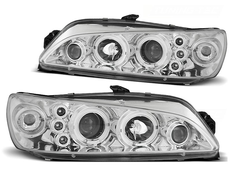 Přední světla, okořeněna o takzvané andělské kroužky, svítící okolo parabol a sloužící jako parkovací světlo. Efekt rozsvícených očí. Vše plně homologováno pro provoz na veřejných komunikacích. Dopřejte svému vozu neobyčejný nový design pouhým přehozením za seriové světla.
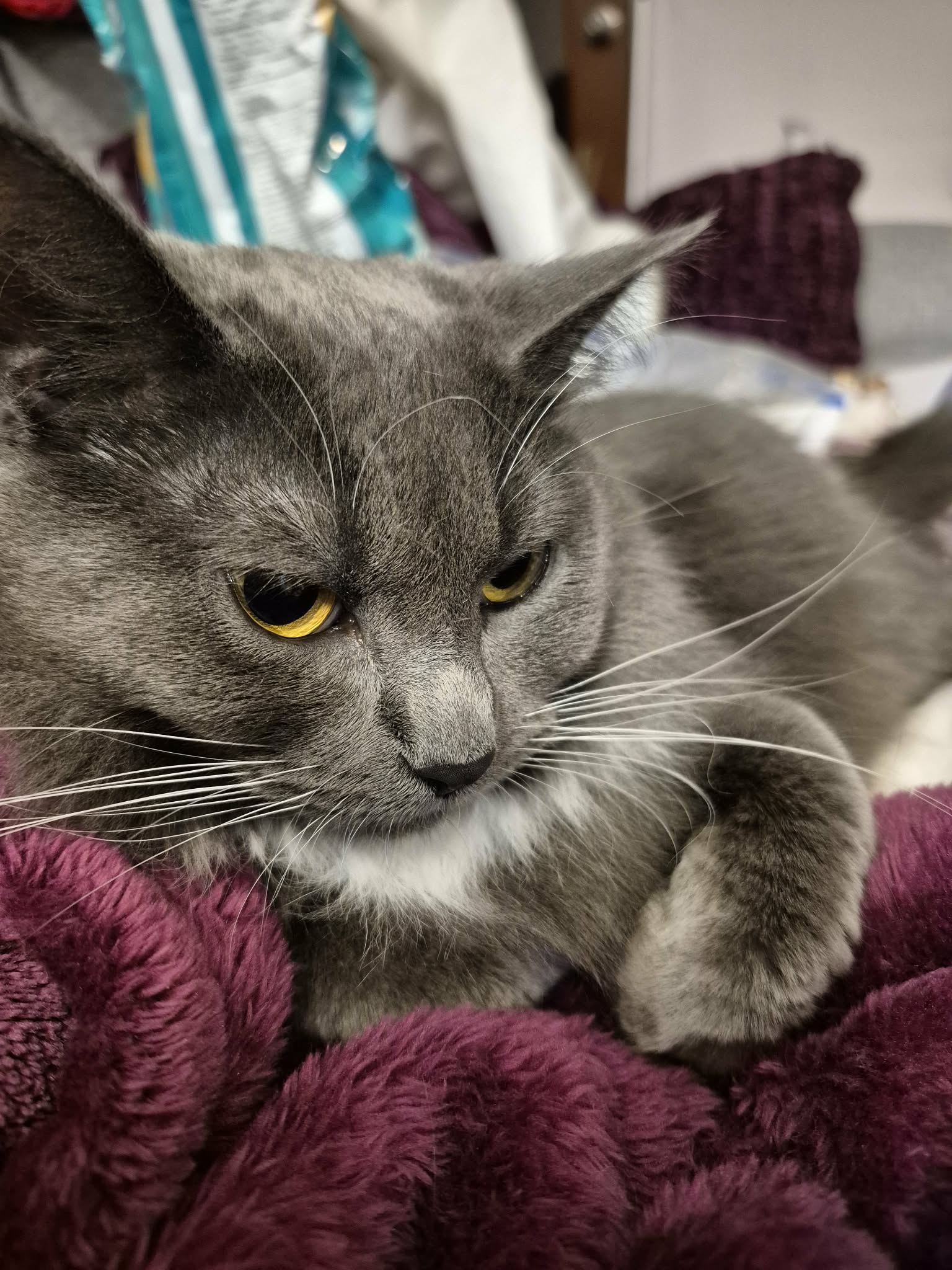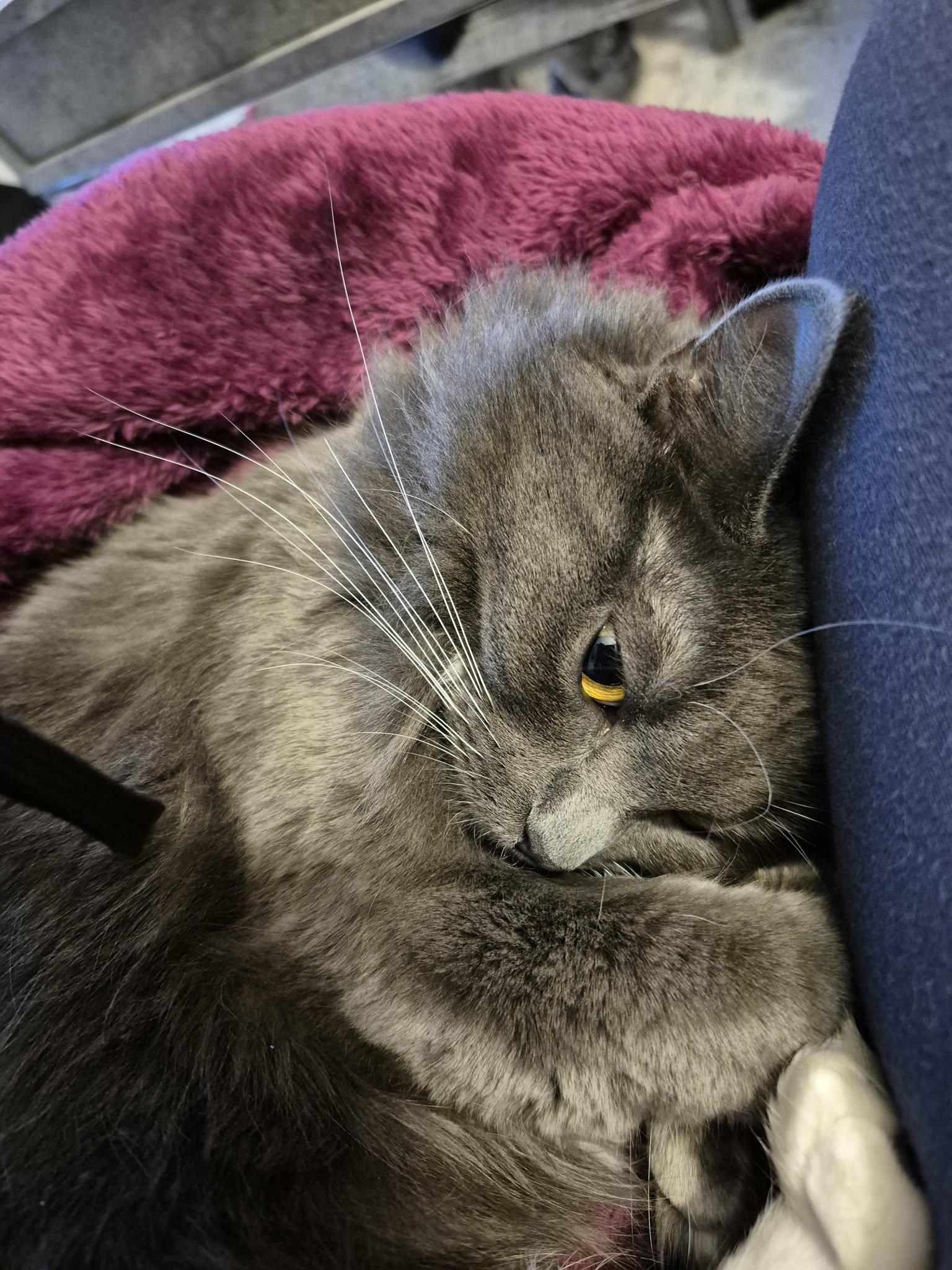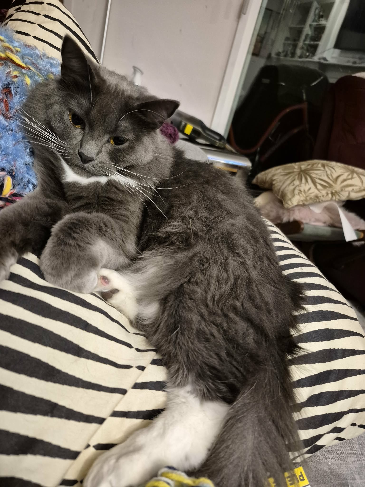 June’s lovely long silky pewter-coloured fur is complimented with white toes on her front paws, and white stockings on her back legs. She is timid with a new person, but chatty when she gets to know you.
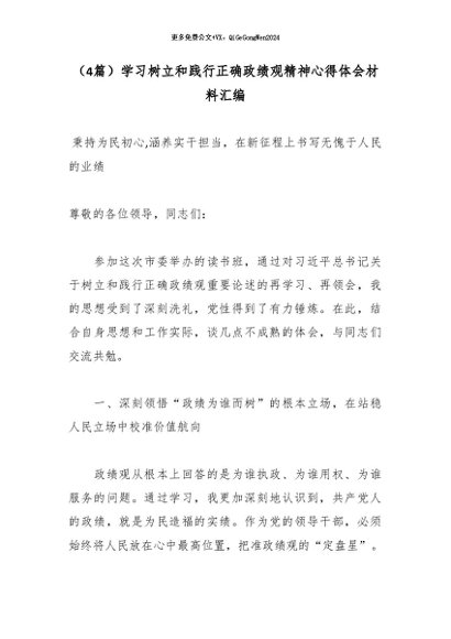 【七哥公文】2026年:(4篇)学习树立和践行正确政绩观精神心得体会材料汇编+更多免费公文+VX:QiGeGongWen2024
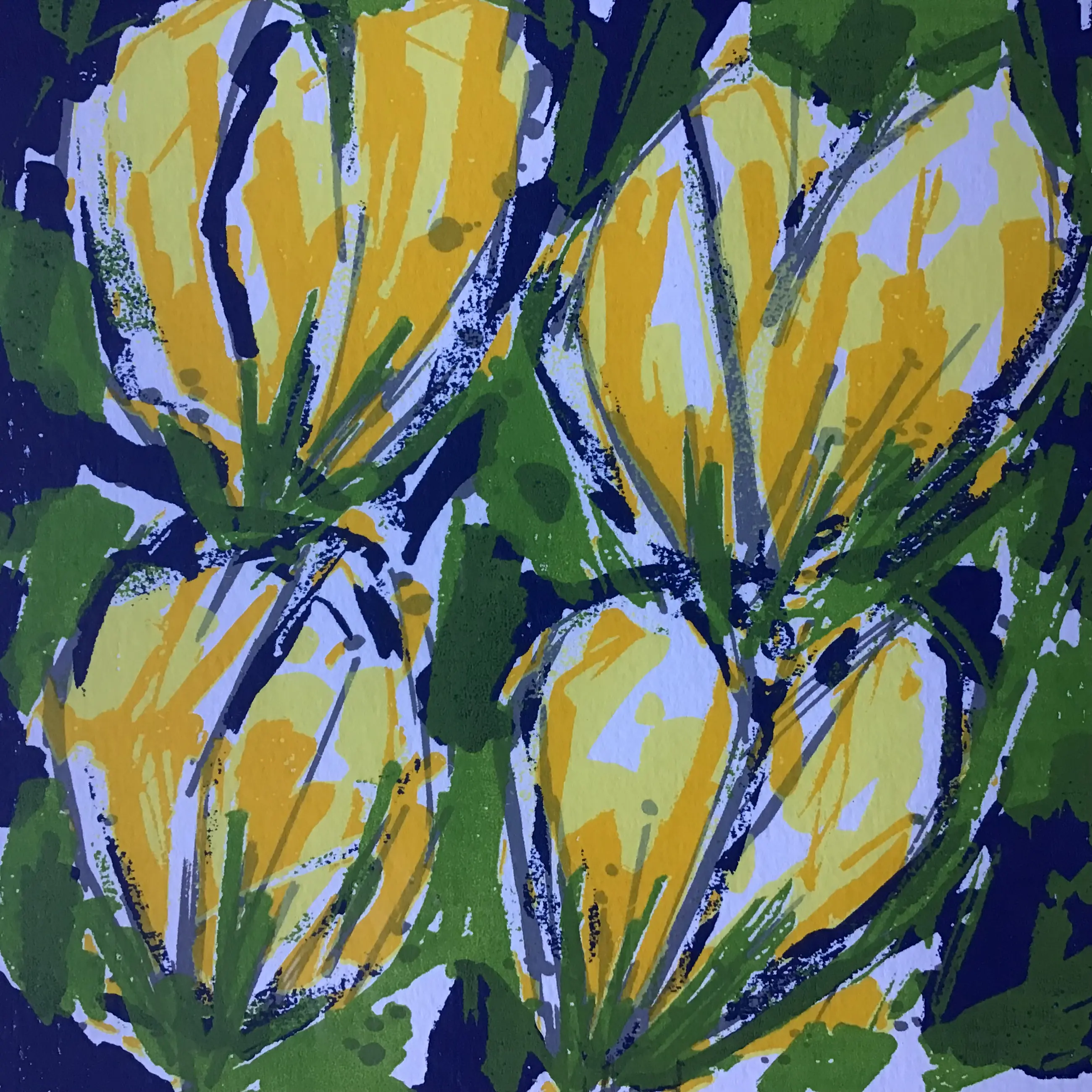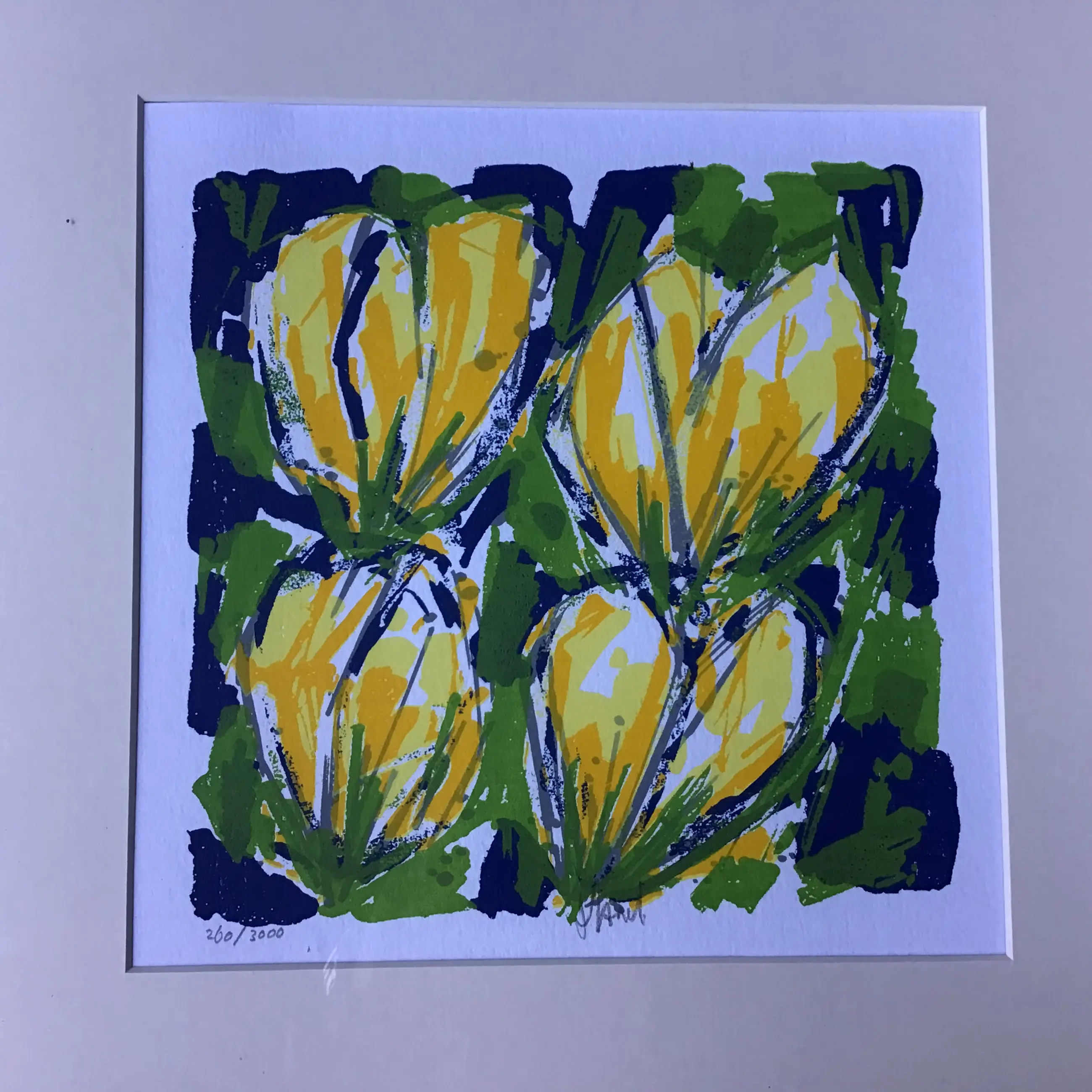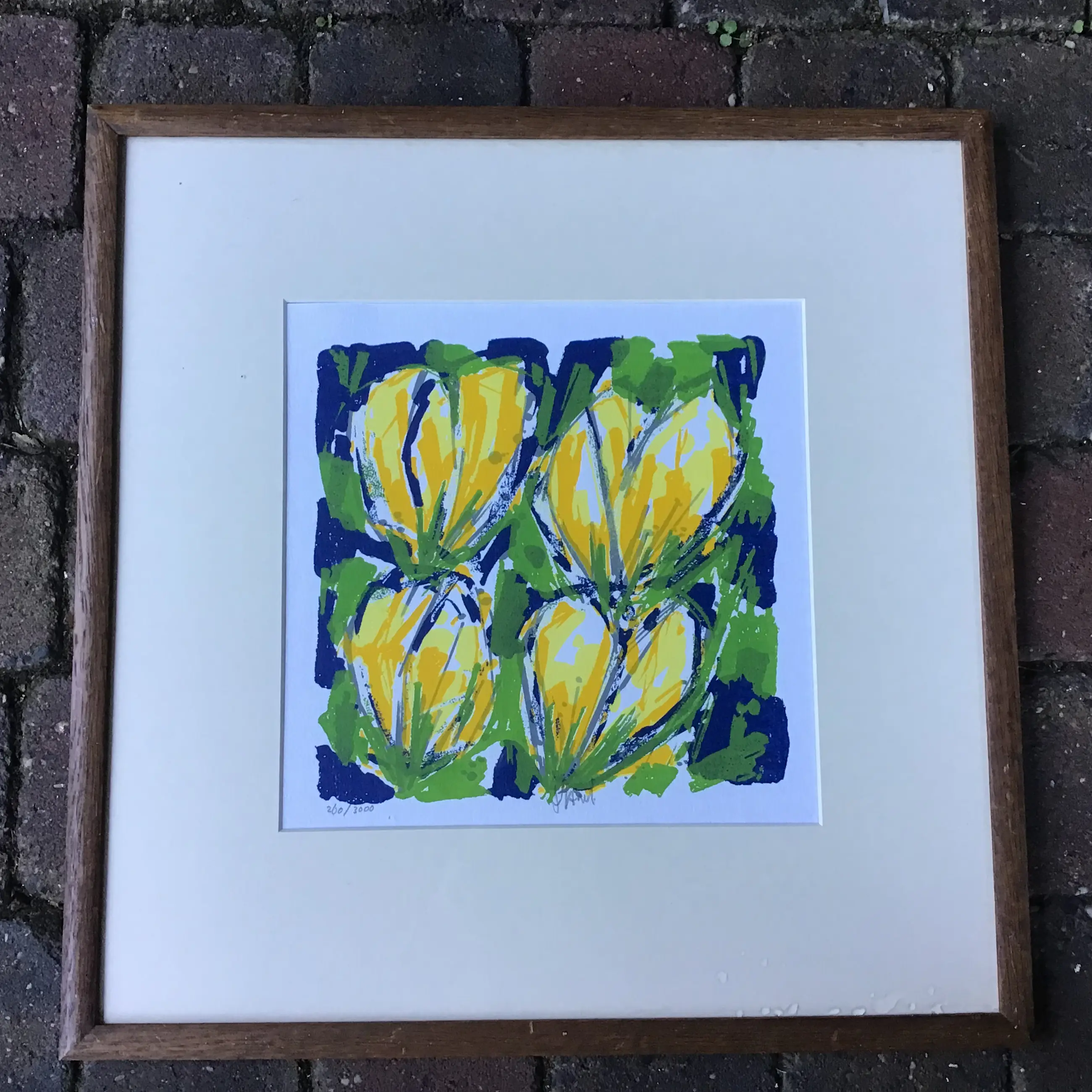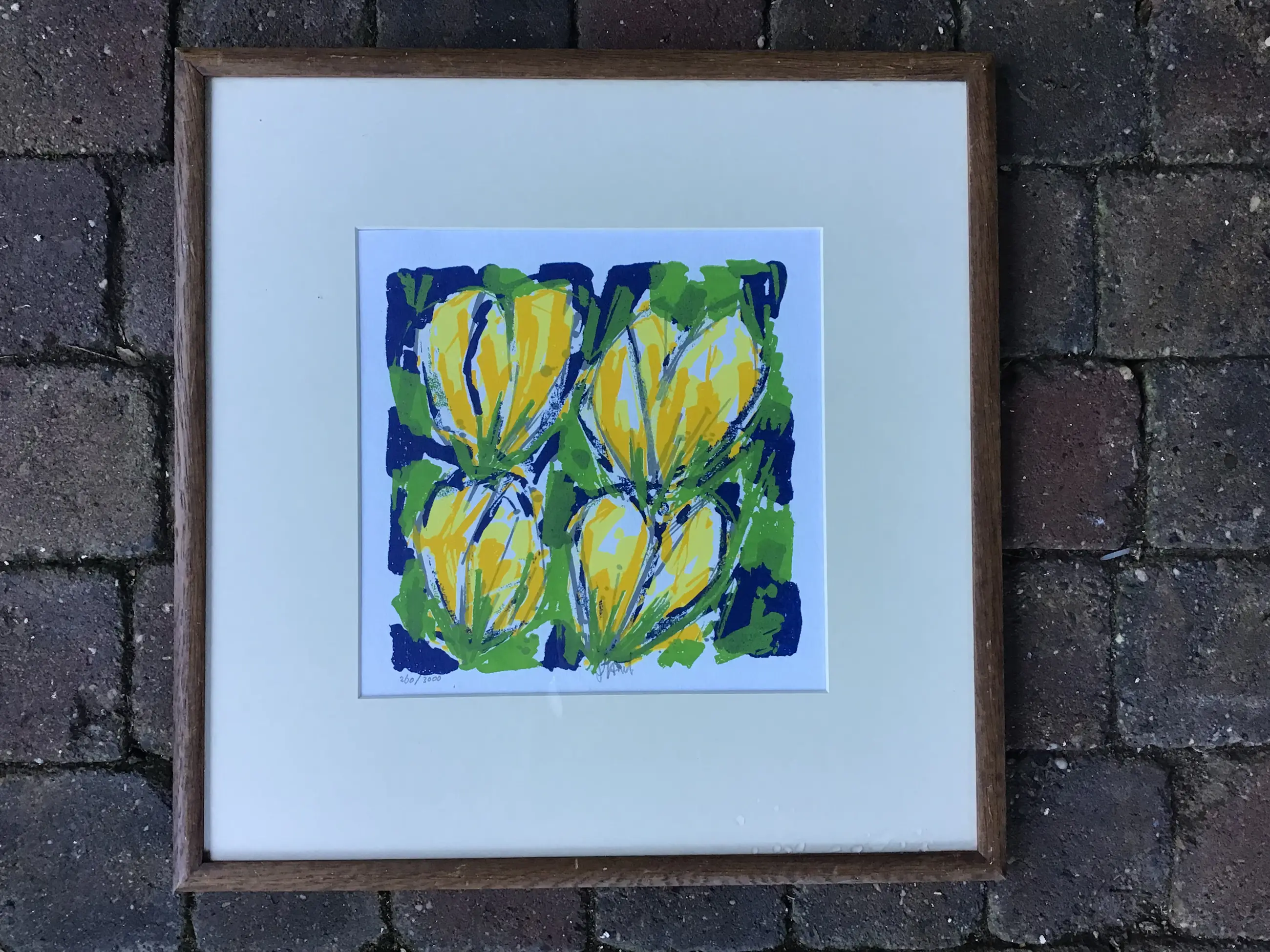 Keurig ingelijste gele versie van zijn ‘Tulpen’.
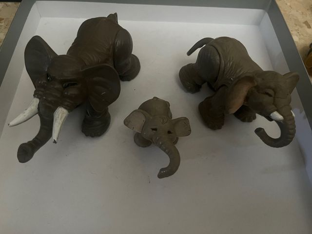 Conjunto de tres figuras de elefantes de juguete. - Elefante macho, hembra y bebe
○ ○ ○ ○
### About this task:
Copy out the records above in full, exactly as written, but not the pictures.

### Result below:
 Přední světla, okořeněna o takzvané andělské kroužky, svítící okolo parabol a sloužící jako parkovací světlo. Efekt rozsvícených očí. Vše plně homologováno pro provoz na veřejných komunikacích. Dopřejte svému vozu neobyčejný nový design pouhým přehozením za seriové světla.
 June’s lovely long silky pewter-coloured fur is complimented with white toes on her front paws, and white stockings on her back legs. She is timid with a new person, but chatty when she gets to know you.
 【七哥公文】2026年:(4篇)学习树立和践行正确政绩观精神心得体会材料汇编+更多免费公文+VX:QiGeGongWen2024
 Keurig ingelijste gele versie van zijn ‘Tulpen’.
 Conjunto de tres figuras de elefantes de juguete. - Elefante macho, hembra y bebe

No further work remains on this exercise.